For the entries below, the expected answer is the line with "wine red flocking bow small jaw clip", the line with "音楽は卒業式の歌「ほたるの光", and every line between them, exactly as written, and nothing more.

───── Exercise data

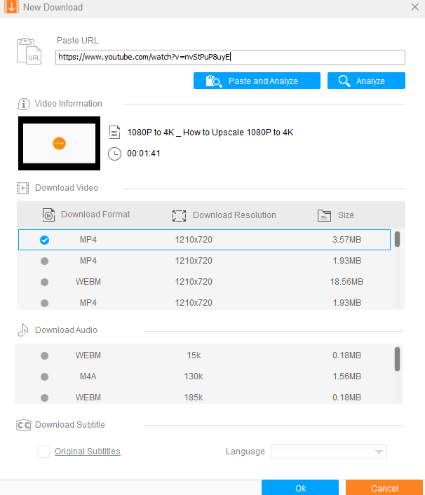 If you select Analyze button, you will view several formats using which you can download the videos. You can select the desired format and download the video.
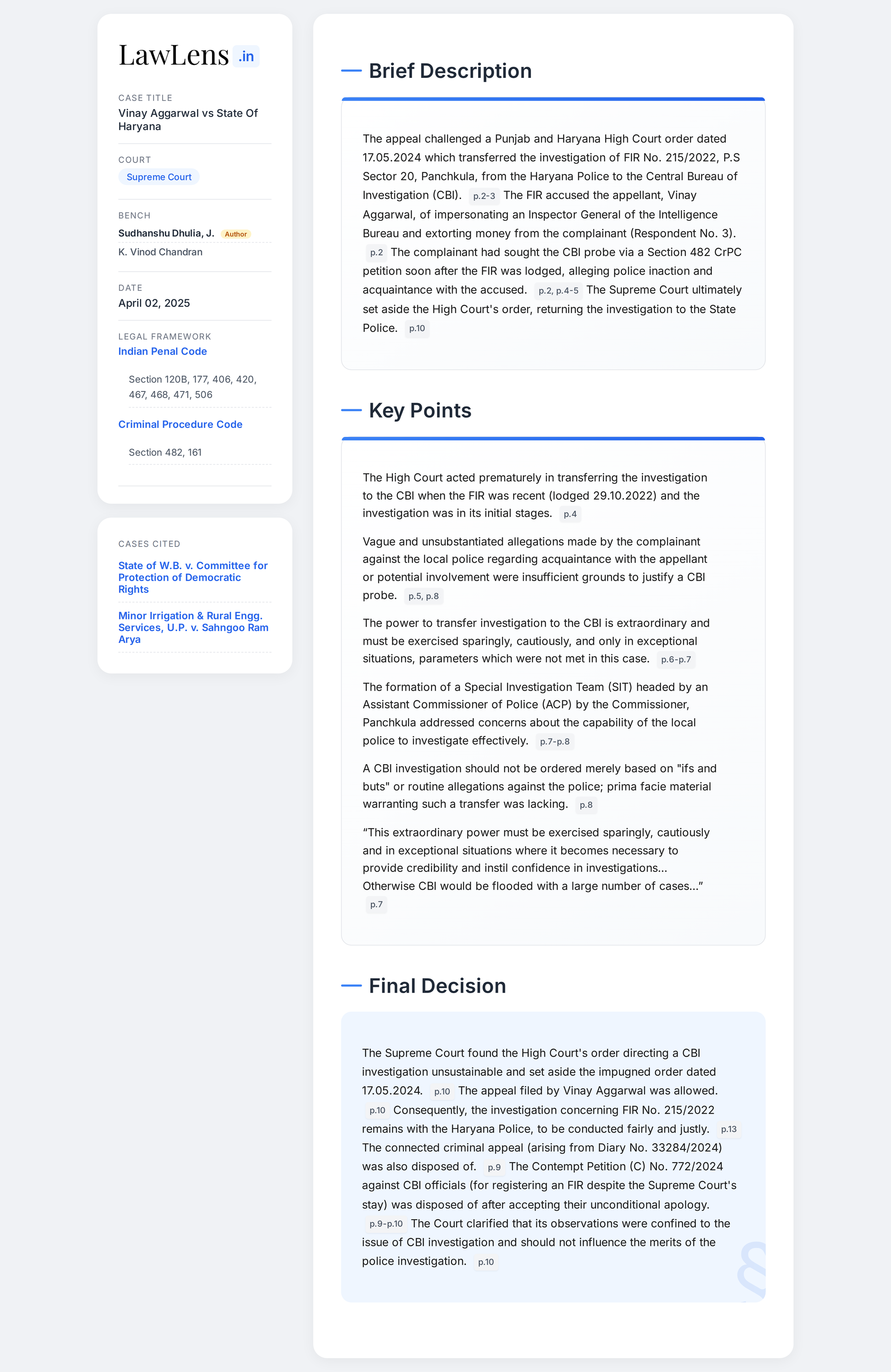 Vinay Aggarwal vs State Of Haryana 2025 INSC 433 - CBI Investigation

──────────
───── Exercise data

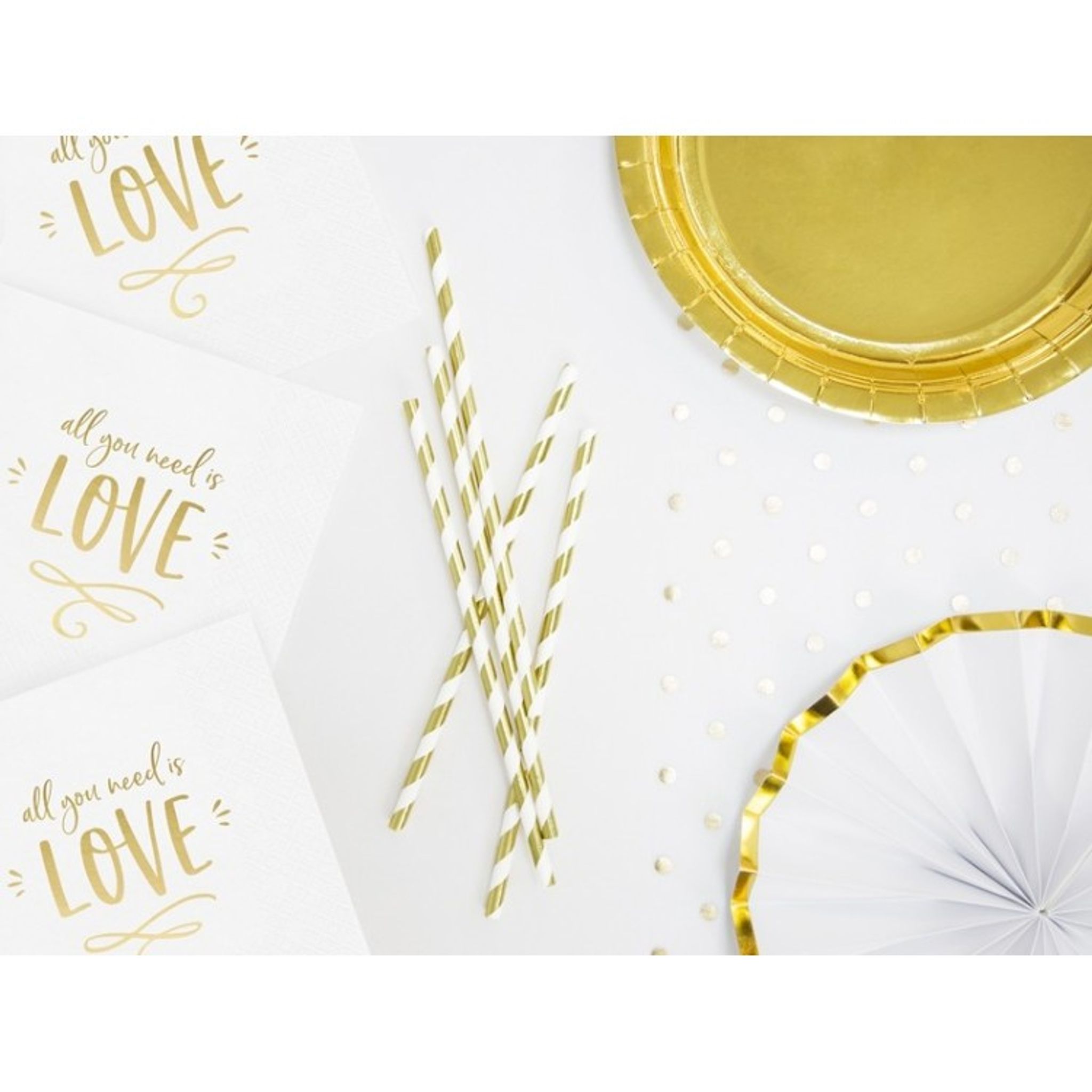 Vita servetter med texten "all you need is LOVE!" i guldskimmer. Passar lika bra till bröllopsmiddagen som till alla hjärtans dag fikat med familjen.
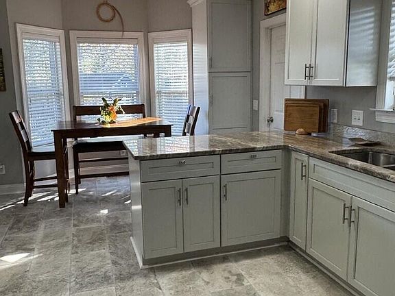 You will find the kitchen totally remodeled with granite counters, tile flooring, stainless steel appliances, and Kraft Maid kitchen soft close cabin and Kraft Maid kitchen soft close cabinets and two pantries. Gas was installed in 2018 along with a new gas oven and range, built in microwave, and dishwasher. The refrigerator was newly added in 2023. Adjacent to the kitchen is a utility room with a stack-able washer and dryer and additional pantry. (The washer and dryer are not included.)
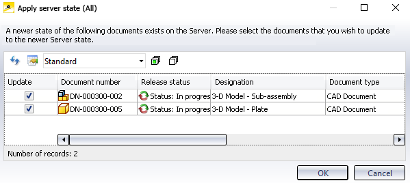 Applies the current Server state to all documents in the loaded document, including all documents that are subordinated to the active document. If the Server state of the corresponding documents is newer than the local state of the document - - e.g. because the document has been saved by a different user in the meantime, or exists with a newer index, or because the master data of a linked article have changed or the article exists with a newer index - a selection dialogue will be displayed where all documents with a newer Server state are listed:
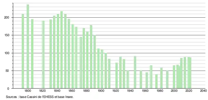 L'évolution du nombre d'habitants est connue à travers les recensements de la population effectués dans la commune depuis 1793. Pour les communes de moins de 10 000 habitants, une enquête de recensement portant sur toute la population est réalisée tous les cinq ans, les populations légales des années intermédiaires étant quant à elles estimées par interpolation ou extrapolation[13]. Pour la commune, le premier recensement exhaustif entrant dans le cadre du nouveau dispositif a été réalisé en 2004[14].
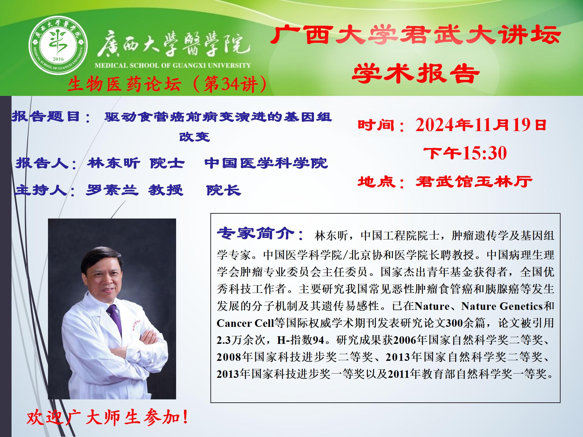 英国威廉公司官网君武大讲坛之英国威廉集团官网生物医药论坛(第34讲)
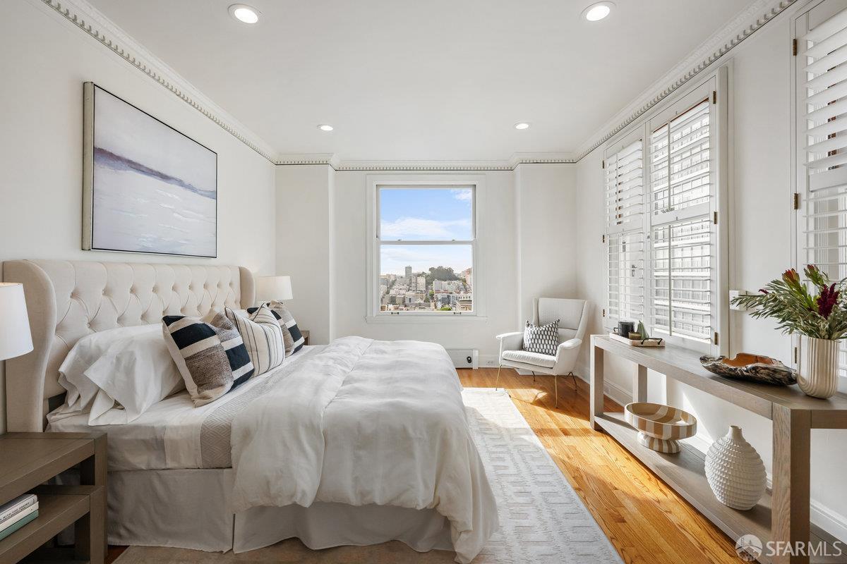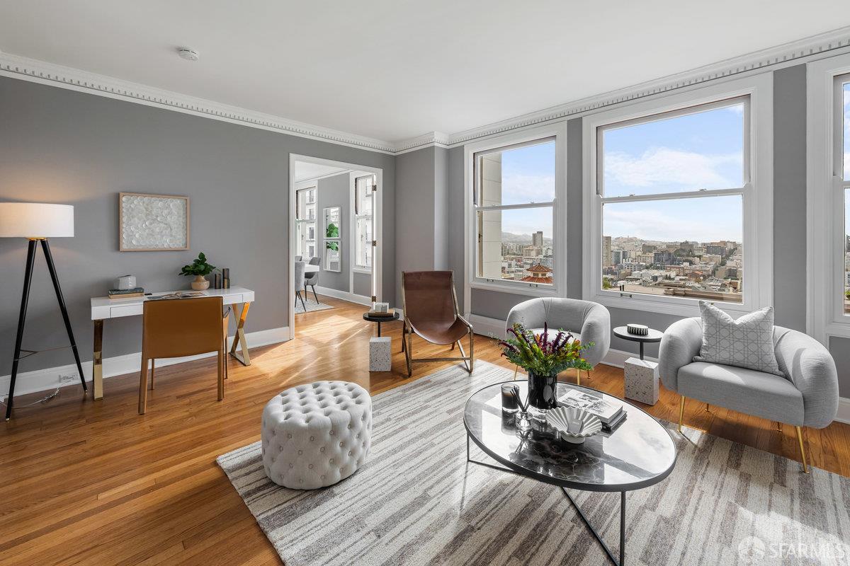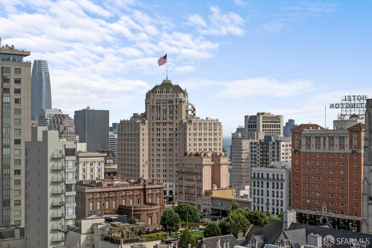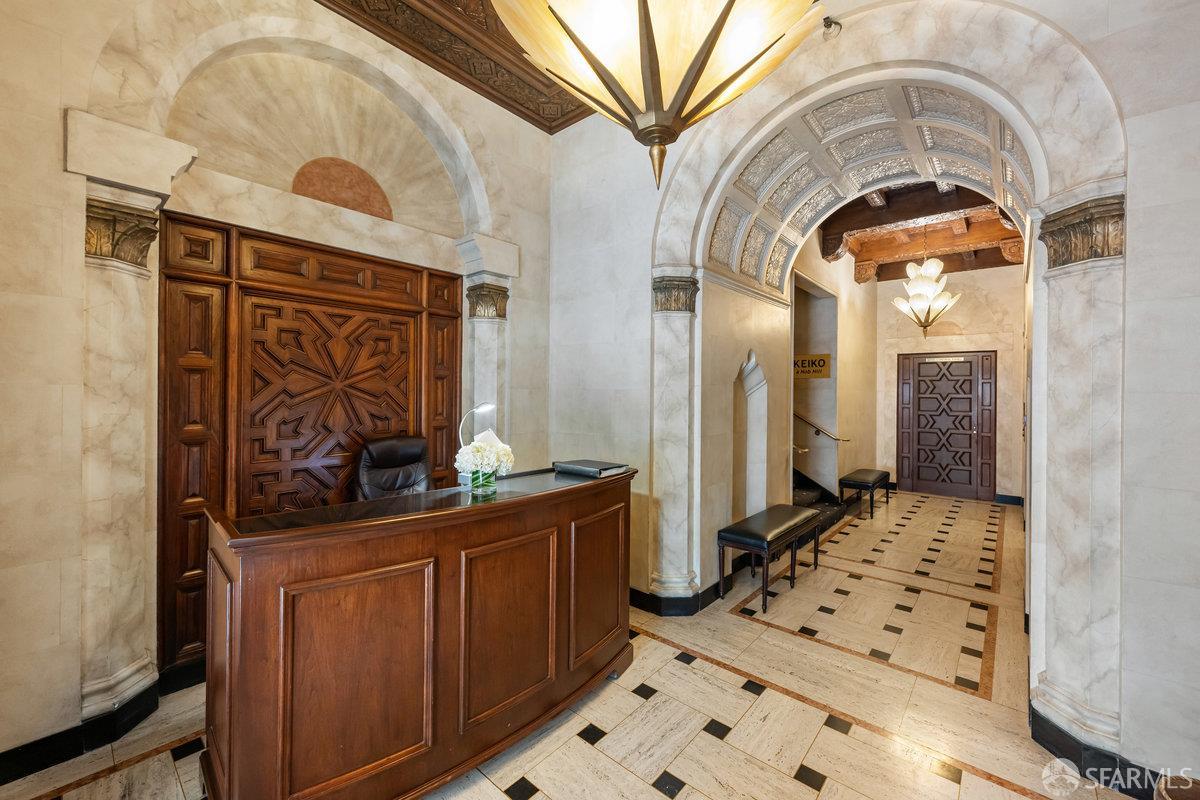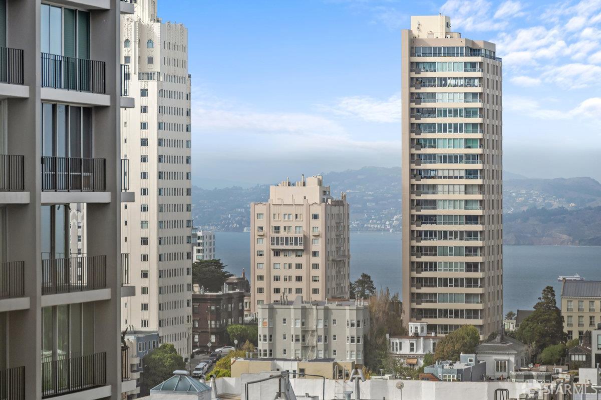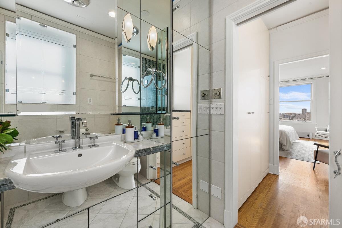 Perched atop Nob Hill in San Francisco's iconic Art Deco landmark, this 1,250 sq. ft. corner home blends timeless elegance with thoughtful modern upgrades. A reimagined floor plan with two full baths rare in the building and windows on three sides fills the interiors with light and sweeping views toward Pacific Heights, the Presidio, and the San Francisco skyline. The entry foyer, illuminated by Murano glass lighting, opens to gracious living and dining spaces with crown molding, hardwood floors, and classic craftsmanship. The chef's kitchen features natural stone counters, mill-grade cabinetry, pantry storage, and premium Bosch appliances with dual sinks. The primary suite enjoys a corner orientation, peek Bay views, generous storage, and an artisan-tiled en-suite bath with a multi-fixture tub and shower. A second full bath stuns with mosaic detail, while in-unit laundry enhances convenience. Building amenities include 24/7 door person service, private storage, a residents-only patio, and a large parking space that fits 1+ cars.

──────────
───── Exercise data

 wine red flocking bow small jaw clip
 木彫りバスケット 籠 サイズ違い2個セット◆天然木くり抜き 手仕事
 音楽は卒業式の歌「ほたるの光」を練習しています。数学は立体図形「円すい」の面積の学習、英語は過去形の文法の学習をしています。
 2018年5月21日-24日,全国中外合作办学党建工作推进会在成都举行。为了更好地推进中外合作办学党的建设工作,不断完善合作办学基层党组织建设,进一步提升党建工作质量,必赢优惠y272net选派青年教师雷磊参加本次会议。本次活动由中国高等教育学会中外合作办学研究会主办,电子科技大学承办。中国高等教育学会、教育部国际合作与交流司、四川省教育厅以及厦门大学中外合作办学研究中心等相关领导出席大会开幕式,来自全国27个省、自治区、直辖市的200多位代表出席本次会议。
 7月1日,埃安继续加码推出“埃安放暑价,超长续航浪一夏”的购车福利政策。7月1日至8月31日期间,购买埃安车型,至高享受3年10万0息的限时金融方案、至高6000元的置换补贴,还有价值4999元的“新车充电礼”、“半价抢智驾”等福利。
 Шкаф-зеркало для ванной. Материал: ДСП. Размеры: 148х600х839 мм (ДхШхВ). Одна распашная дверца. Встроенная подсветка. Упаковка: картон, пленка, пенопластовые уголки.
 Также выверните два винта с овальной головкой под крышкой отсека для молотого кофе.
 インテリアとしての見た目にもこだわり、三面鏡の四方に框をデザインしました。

──────────

# Output of the task
 wine red flocking bow small jaw clip
 木彫りバスケット 籠 サイズ違い2個セット◆天然木くり抜き 手仕事
 音楽は卒業式の歌「ほたるの光」を練習しています。数学は立体図形「円すい」の面積の学習、英語は過去形の文法の学習をしています。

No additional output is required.